#### [What the task requires]
Copy exactly. Include the line containing "展示了3I/ATLAS的艺术", every line after it, and the last line below, but no pictures.

#### [Information shown]
════════

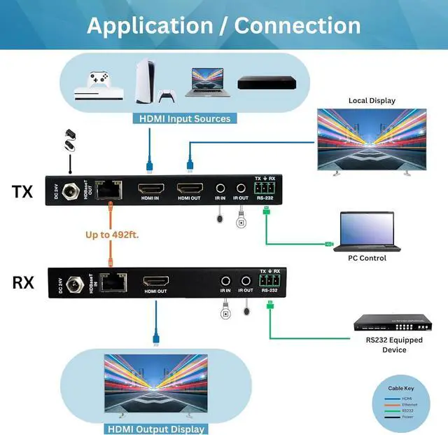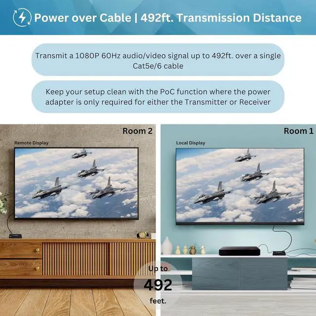 EXTEND YOUR HDMI SIGNAL OVER ETHERNET Extend your 1080P HDMI signal up to 500 feet (150 meters) over Cat5e/6 UTP cable using the latest HDBaseT transmission technology.
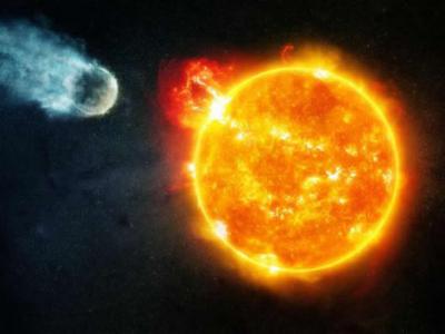 展示了3I/ATLAS的艺术想象图,它经过太阳附近,照亮了彗星的一侧。彗星靠近太阳的一...
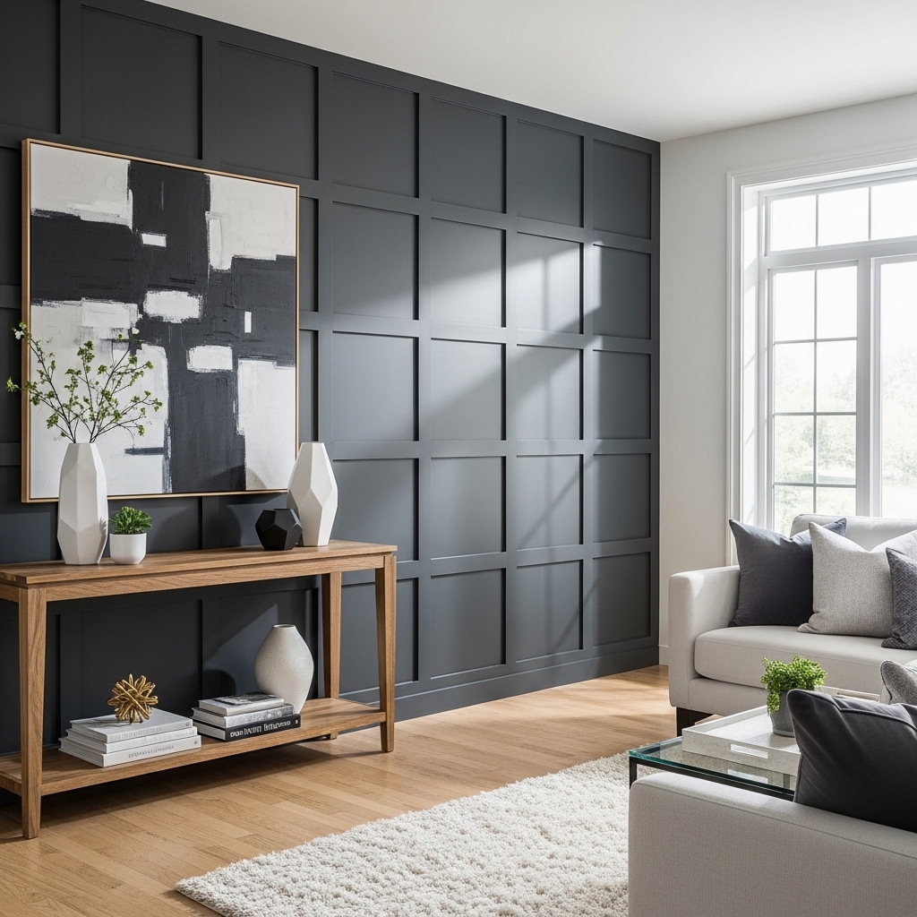 Install vertical and horizontal trim to form structured rectangular or square patterns. Paint the entire wall in one unified color for a clean and cohesive finish. Ensure equal spacing between all panels for a professional look.

════════

#### [Result of the exercise]
 展示了3I/ATLAS的艺术想象图,它经过太阳附近,照亮了彗星的一侧。彗星靠近太阳的一...
 Install vertical and horizontal trim to form structured rectangular or square patterns. Paint the entire wall in one unified color for a clean and cohesive finish. Ensure equal spacing between all panels for a professional look.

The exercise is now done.